Red Hat Training

A Red Hat training course is available for Red Hat Enterprise Linux

7.67. grep

Updated grep packages that fix two security issues, several bugs, and add various enhancements are now available for Red Hat Enterprise Linux 6.
Red Hat Product Security has rated this update as having Low security impact. Common Vulnerability Scoring System (CVSS) base scores, which give detailed severity ratings, are available for each vulnerability from the CVE links in the References section.
The grep utility searches through textual input for lines that contain a match to a specified pattern and then prints the matching lines. The GNU grep utilities include grep, egrep, and fgrep.

Security Fixes

CVE-2012-5667
An integer overflow flaw, leading to a heap-based buffer overflow, was found in the way grep parsed large lines of data.
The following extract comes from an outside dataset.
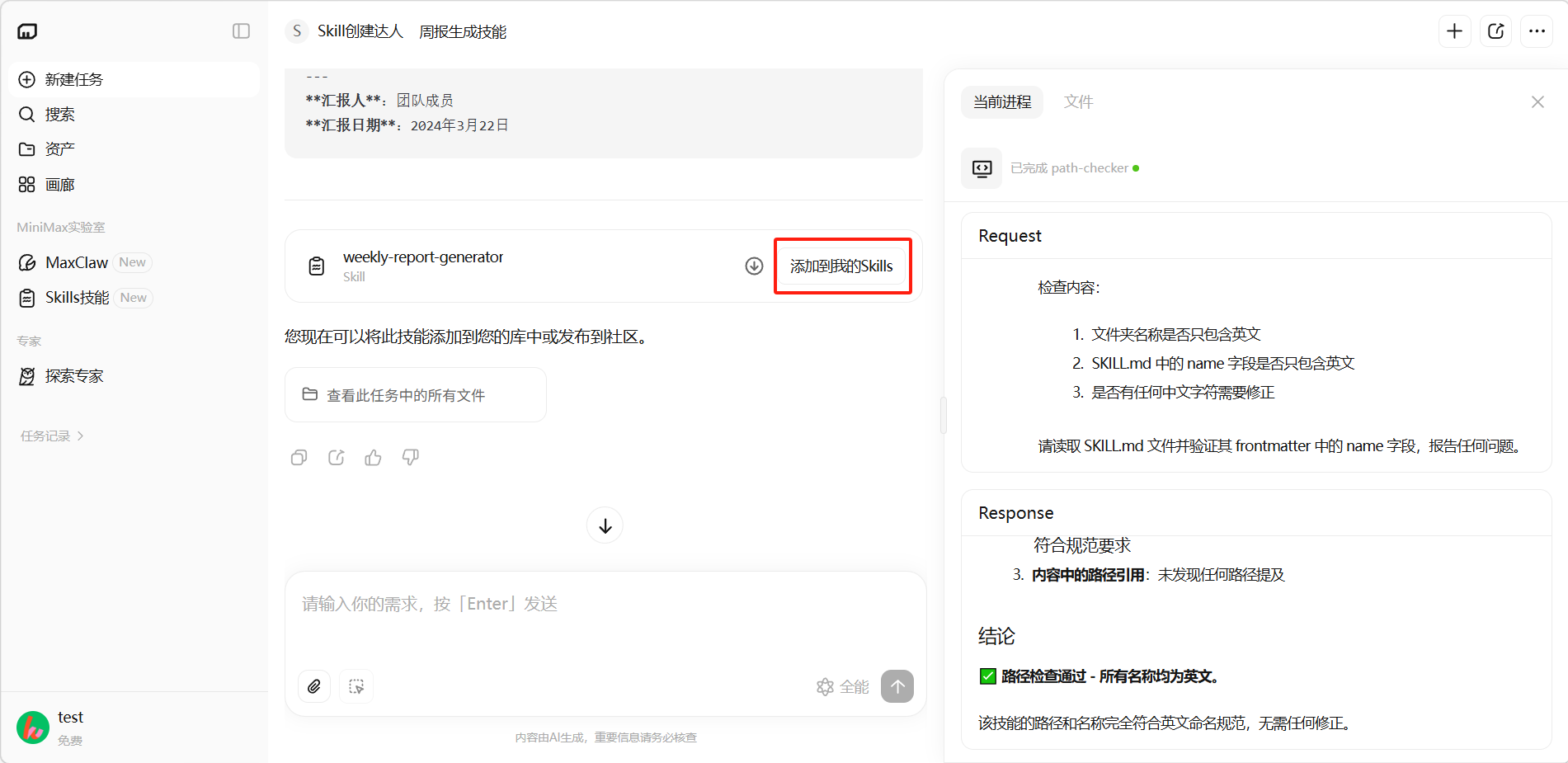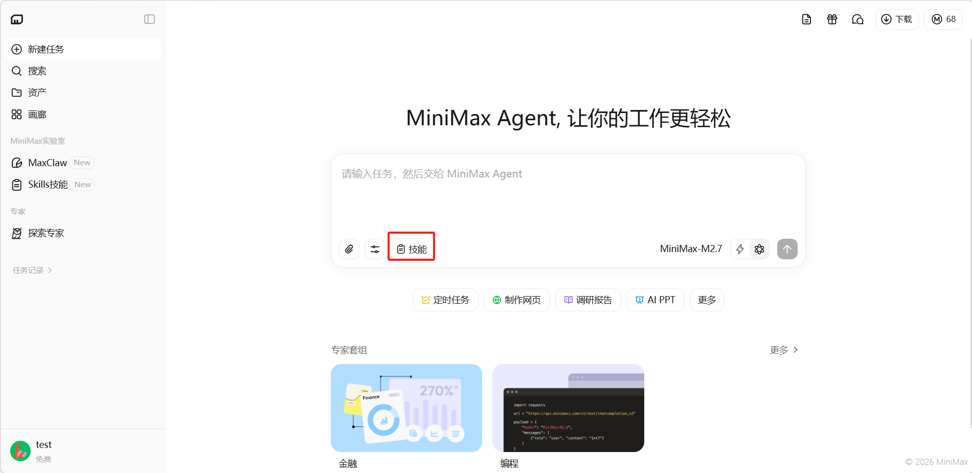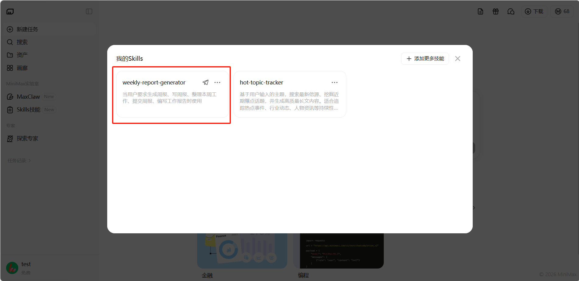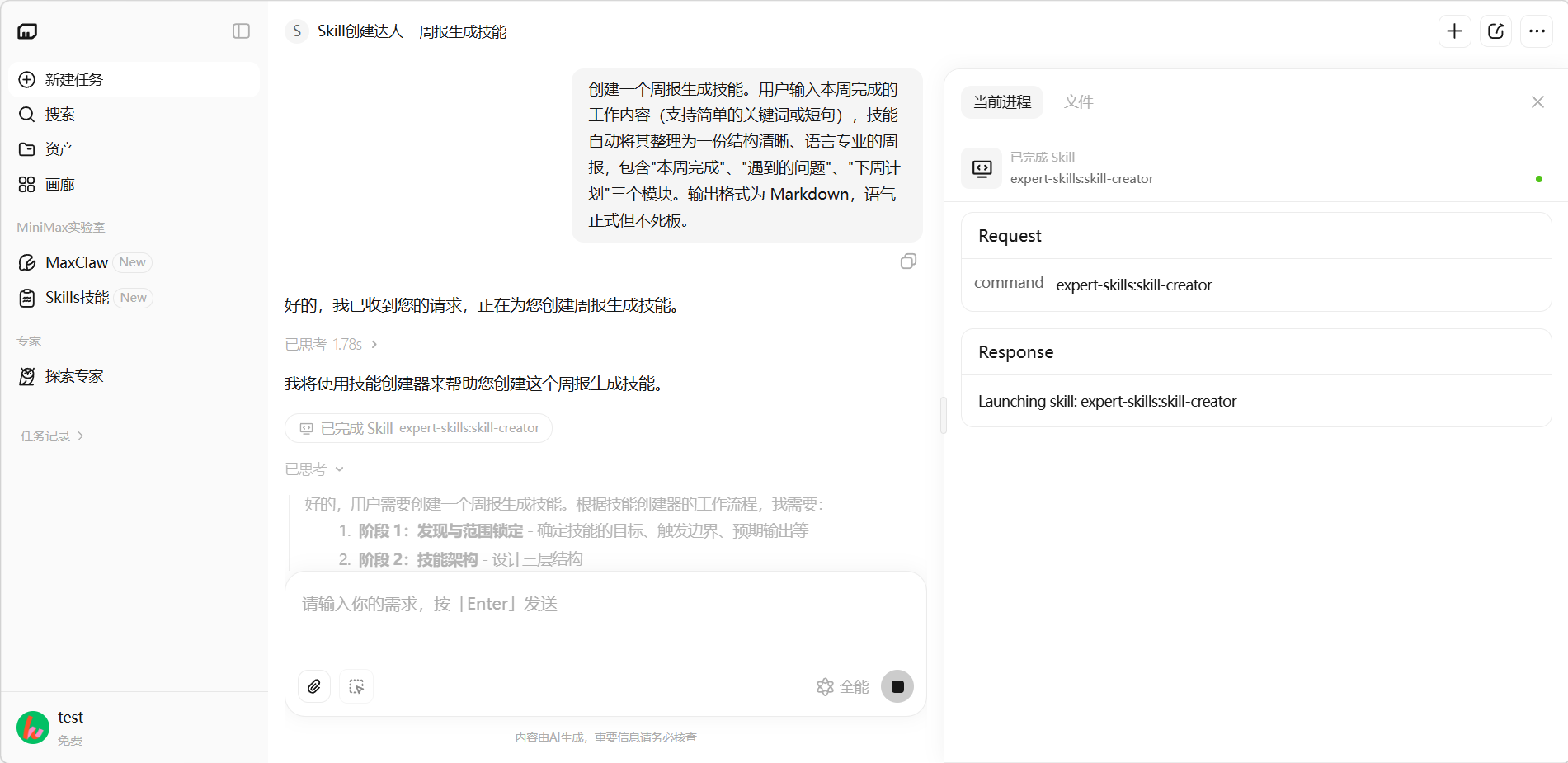 Skills 技能是 MiniMax Agent 的能力扩展中心。类似于应用商店,你可以在这里发现、安装和使用各种预制的专业技能。并且MiniMax支持一句话创建Skills,创建完成后还可以发布自己的Skills到社区。

An attacker able to trick a user into running grep on a specially crafted data file could use this flaw to crash grep or, potentially, execute arbitrary code with the privileges of the user running grep.
CVE-2015-1345
A heap-based buffer overflow flaw was found in the way grep processed certain pattern and text combinations. An attacker able to trick a user into running grep on specially crafted input could use this flaw to crash grep or, potentially, read from uninitialized memory.
The grep packages have been upgraded to upstream version 2.20, which provides a number of bug fixes and enhancements over the previous version. Notably, the speed of various operations has been improved significantly. Now, the recursive grep utility uses the fts function of the gnulib library for directory traversal, so that it can handle much larger directories without reporting the "File name too long" error message, and it can operate faster when dealing with large directory hierarchies. (BZ#982215, BZ#1064668, BZ#1126757, BZ#1167766, BZ#1171806)

Bug Fixes

BZ#799863
Prior to this update, the \w and \W symbols were inconsistently matched to the [:alnum:] character class. Consequently, regular expressions that used \w and \W in some cases had incorrect results. An upstream patch which fixes the matching problem has been applied, and \w is now matched to the [_[:alnum:]] character and \W to the [^_[:alnum:]] character consistently.
BZ#1103270
Previously, the "--fixed-regexp" command-line option was not included in the grep(1) manual page. Consequently, the manual page was inconsistent with the built-in help of the grep utility. To fix this bug, grep(1) has been updated to include a note informing the user that "--fixed-regexp" is an obsolete option. Now, the built-in help and manual page are consistent regarding the "--fixed-regexp" option.
BZ#1193030
Previously, the Perl Compatible Regular Expression (PCRE) library did not work correctly when matching non-UTF-8 text in UTF-8 mode. Consequently, an error message about invalid UTF-8 byte sequence characters was returned. To fix this bug, patches from upstream have been applied to the PCRE library and the grep utility. As a result, PCRE now skips non-UTF-8 characters as non-matching text without returning any error message.
All grep users are advised to upgrade to these updated packages, which correct these issues and add these enhancements.